Other authors explored breast reconstruction using dome-shaped acrylic chambers with perforated walls and internal capacities ranging from 140 to 360 mL. In this study, 5 participants underwent thoracodorsal artery perforator (TAP) flaps, with volumes ranging from 6 to 50 mL. These flaps were placed inside the TEC. Patients were then monitored post-surgery for up to six months until chamber removal, except for 1 patient showing notable tissue growth, who received follow ups for 6 additional months which resulted in filling a 210 mL space. Three other patients exhibited no tissue growth beyond the initial flap’s dimensions, resulting in silicone implant reconstructions. Lastly, one patient had her chamber removed early due to discomfort. Histological analyses after chamber removal confirmed the presence of viable, well-vascularized fat inside the chamber for certain patients [93]. Notably, patient-reported and aesthetic outcomes were not assessed in this study.

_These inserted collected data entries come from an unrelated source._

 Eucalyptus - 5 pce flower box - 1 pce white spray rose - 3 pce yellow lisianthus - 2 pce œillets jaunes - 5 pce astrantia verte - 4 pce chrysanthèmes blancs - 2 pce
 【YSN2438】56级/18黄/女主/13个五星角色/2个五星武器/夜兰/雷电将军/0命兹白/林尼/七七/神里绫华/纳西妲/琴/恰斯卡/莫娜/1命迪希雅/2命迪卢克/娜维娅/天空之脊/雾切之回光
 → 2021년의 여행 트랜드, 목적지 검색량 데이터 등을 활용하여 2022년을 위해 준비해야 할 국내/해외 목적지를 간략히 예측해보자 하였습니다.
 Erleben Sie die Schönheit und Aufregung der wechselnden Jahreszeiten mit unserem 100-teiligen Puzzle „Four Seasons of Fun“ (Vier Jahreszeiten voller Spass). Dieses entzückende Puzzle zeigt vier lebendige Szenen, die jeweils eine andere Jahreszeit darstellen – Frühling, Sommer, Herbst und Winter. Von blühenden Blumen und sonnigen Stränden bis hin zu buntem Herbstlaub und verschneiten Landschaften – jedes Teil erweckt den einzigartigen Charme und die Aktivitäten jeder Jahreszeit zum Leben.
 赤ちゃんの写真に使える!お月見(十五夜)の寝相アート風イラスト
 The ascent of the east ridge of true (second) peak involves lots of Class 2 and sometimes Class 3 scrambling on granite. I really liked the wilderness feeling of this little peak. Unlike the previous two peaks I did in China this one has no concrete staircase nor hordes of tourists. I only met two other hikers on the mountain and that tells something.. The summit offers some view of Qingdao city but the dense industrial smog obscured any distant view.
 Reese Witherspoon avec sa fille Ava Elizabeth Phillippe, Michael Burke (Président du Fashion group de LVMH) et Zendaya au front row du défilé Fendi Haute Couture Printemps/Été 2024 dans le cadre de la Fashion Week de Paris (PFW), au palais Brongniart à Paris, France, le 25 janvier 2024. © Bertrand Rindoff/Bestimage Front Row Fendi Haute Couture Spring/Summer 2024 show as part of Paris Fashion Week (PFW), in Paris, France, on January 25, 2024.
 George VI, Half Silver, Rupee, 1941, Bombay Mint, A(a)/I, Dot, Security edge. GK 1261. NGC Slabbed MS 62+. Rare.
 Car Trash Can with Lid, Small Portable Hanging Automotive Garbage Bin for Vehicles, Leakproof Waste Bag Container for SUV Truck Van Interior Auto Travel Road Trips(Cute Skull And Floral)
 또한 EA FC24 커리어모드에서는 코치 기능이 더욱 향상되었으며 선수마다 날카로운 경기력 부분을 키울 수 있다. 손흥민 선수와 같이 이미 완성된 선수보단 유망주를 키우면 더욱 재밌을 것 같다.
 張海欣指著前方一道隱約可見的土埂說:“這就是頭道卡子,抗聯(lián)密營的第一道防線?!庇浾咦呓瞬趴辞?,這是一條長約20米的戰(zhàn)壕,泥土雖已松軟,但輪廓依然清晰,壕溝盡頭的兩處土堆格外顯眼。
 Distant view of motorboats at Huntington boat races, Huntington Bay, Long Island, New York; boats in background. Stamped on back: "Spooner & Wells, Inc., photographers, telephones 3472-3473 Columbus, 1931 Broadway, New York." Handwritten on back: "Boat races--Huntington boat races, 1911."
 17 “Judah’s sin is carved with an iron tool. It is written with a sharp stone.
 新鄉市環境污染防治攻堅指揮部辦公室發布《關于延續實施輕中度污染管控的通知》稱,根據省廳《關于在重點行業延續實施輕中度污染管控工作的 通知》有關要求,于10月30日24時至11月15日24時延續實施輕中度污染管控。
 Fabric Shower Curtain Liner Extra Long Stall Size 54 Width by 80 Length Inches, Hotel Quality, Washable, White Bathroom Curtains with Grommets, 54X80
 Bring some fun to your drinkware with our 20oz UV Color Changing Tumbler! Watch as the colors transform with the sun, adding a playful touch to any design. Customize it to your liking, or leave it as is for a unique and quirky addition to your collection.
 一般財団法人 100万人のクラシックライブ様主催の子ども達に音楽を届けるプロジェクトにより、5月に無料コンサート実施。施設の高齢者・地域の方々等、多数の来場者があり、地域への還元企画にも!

This same approach is being studied by the clinical trial NCT05460780, which aims to assess the safety and efficacy of Matisse^®^, a TEC implant-based method for immediate breast reconstruction in Georgia (country). This method, however, involves a bioabsorbable TEC implantation with a pedicled LICAp or LTAp flap within it to support a flap growth [94]. Although no preliminary results have been published, a recent press report released in 2022 claimed that they achieved the first successful breast reconstruction with their device [95].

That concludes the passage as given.